# Check out this scenario...



## Caustic CC (Jan 31, 2013)

Customer had a lightning strike, which caused the 200 amp main breaker in the panel to freeze in the "on" position. Called Electrician to change out main breaker.
Electrician shuts off all breakers in the panel, then pulls meter. Load side now dead.
While disconnecting main breaker, cannot loosen lug on one phase. Frozen. However, while trying to loosen frozen lug, ratchet handle comes in contact with other disconnected leg. (Neutral still connected in Meter Pan and Panel).

Can any of you Masters describe what happened next?


----------



## kbsparky (Sep 20, 2007)

Nothing, if the meter is pulled.


----------



## frenchelectrican (Mar 15, 2007)

kbsparky said:


> Nothing, if the meter is pulled.


 
As long it don't have the freaking bypass lever in there but once you have bypass lever in there ya can be toasted. Some of the electricans are not aware when the bypass lever is pulled it actually bypass the meter socket when ya yank the meter out.

The only way it can be 100 % dead with freaking bypass sockets is push the lever back in that will disabled it as long ya don't have the meter in there.

OP., As you read above comment if that is true then someone broke the golden rules is double check with the voltmeter to make sure it is 100 % dead.

Merci,
Marc


----------



## kbsparky (Sep 20, 2007)

frenchelectrican said:


> As long it don't have the freaking bypass lever in there but once you have bypass lever in there ya can be toasted....
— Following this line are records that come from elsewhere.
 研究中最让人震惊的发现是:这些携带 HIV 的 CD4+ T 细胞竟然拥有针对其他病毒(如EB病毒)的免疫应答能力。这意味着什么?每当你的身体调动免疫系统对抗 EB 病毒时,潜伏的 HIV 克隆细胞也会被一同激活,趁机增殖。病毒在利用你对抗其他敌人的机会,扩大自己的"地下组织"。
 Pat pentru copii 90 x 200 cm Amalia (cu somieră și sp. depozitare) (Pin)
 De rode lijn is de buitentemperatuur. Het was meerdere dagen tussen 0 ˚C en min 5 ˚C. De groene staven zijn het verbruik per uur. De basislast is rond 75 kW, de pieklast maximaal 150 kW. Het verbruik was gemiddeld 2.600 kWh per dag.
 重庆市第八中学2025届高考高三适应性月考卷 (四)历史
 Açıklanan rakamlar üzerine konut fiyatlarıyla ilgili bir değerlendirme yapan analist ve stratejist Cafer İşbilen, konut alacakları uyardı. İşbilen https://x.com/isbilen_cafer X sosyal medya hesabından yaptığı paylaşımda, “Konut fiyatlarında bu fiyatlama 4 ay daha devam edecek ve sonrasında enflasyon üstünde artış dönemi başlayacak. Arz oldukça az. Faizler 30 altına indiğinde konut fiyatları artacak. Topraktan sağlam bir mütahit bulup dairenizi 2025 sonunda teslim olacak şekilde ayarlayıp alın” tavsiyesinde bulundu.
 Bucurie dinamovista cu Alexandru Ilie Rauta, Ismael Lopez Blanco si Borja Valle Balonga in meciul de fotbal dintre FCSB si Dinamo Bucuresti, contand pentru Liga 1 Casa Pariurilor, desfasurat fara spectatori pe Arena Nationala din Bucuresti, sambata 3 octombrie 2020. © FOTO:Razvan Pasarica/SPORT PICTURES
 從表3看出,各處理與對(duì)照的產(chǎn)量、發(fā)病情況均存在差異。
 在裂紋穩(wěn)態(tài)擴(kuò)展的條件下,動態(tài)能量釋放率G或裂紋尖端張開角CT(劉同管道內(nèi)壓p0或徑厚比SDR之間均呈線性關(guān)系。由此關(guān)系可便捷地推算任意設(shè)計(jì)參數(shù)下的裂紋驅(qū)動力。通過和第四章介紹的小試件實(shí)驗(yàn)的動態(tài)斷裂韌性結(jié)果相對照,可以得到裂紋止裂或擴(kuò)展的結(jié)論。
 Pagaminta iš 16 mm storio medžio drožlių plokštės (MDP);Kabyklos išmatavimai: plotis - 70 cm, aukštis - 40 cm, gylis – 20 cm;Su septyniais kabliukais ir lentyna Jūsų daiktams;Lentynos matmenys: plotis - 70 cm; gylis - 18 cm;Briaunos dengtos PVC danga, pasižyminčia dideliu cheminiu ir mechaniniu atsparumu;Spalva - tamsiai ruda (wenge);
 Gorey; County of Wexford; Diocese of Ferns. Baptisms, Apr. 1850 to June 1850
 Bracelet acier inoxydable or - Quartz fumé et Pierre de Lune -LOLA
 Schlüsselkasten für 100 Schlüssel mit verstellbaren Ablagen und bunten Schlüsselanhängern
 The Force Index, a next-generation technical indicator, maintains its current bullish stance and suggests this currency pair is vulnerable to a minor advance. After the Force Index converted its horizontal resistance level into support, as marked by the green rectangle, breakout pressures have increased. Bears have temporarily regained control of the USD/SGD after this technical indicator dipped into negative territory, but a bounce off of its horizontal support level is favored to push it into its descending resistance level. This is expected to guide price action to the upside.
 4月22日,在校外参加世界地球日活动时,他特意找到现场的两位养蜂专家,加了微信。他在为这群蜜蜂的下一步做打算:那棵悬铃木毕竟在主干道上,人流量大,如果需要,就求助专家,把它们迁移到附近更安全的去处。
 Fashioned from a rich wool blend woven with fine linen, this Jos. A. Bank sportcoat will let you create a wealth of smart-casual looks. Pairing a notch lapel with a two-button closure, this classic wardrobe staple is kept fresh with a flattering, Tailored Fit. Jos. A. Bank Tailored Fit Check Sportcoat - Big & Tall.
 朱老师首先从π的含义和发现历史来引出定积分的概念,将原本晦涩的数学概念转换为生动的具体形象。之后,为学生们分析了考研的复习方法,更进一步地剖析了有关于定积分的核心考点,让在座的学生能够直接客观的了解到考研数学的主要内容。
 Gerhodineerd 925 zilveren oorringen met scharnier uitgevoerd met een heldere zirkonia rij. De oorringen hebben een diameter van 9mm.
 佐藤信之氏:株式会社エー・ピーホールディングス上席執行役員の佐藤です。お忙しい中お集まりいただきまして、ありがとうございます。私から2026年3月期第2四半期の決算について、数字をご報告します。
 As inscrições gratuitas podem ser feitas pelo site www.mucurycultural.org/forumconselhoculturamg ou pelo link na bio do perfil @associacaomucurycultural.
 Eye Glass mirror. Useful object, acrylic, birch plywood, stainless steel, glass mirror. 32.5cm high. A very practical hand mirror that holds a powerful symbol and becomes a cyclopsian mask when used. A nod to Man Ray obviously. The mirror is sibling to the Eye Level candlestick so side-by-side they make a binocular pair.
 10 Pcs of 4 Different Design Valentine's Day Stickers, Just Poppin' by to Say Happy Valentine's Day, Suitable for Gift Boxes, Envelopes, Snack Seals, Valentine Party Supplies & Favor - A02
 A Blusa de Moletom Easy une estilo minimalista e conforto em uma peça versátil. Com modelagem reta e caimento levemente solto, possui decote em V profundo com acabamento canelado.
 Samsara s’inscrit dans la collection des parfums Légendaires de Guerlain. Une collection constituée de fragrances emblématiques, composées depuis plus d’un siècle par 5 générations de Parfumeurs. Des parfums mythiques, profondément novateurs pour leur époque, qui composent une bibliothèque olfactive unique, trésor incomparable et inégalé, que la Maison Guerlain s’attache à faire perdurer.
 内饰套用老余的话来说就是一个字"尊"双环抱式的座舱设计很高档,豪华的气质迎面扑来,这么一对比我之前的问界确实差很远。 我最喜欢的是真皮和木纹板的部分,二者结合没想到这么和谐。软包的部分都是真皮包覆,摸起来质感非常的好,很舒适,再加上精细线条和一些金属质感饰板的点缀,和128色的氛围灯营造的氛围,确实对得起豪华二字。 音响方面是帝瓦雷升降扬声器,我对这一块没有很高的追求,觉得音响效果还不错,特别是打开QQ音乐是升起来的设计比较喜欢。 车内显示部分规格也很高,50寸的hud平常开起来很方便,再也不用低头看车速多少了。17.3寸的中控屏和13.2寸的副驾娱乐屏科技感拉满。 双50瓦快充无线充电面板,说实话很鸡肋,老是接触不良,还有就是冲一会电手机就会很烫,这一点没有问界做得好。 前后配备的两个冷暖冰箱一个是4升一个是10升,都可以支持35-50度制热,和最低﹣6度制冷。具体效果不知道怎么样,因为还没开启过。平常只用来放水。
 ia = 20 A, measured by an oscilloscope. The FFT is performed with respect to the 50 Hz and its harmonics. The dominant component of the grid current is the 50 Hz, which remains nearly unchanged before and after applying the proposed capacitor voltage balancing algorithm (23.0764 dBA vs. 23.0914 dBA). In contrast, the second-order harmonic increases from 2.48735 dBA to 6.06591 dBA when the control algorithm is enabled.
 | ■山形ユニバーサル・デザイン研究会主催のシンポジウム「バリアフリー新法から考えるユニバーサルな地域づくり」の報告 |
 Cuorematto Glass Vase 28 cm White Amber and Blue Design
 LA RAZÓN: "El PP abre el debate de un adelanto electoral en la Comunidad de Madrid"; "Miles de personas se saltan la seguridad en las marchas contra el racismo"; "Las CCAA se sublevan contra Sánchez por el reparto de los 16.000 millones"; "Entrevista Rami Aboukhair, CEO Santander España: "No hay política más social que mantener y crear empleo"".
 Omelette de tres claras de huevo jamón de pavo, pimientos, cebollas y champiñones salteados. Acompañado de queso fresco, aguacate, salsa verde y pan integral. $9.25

I believe that the OP stated the load side was dead ... <checking> ...



Caustic CC said:


> ... pulls meter. Load side now dead....


Yup.


----------



## Caustic CC (Jan 31, 2013)

You cannot pull out the meter without unlocking the bypass switch.
The meter was out and there was no reading on the load side. There was no power in the panel.


----------



## Awg-Dawg (Jan 23, 2007)

So, what happened?


----------



## HARRY304E (Sep 15, 2010)

Awg-Dawg said:


> So, what happened?


I don't know...


----------



## Awg-Dawg (Jan 23, 2007)

HARRY304E said:


> I don't know...


 
Well, dont sit there.

Ask him.


----------



## frenchelectrican (Mar 15, 2007)

Caustic CC said:


> Customer had a lightning strike, which caused the 200 amp main breaker in the panel to freeze in the "on" position. Called Electrician to change out main breaker.
> Electrician shuts off all breakers in the panel, then pulls meter. Load side now dead.
> While disconnecting main breaker, cannot loosen lug on one phase. Frozen. However, while trying to loosen frozen lug, ratchet handle comes in contact with other disconnected leg. (Neutral still connected in Meter Pan and Panel).
> 
> Can any of you Masters describe what happened next?


 
The other situation sometime it do show up is corner grounded delta system and did you any chance have a stand by generator unit running or crossed feed from somewhere else?

Merci,
Marc


----------



## Caustic CC (Jan 31, 2013)

It was a standard 200 amp residential service. 
A tree was struck by lighting in the yard, which froze the main breaker in the "on" position. Bus bar was not burnt, all breakers were fine.
Everything in the house worked, but the main could not be turned off.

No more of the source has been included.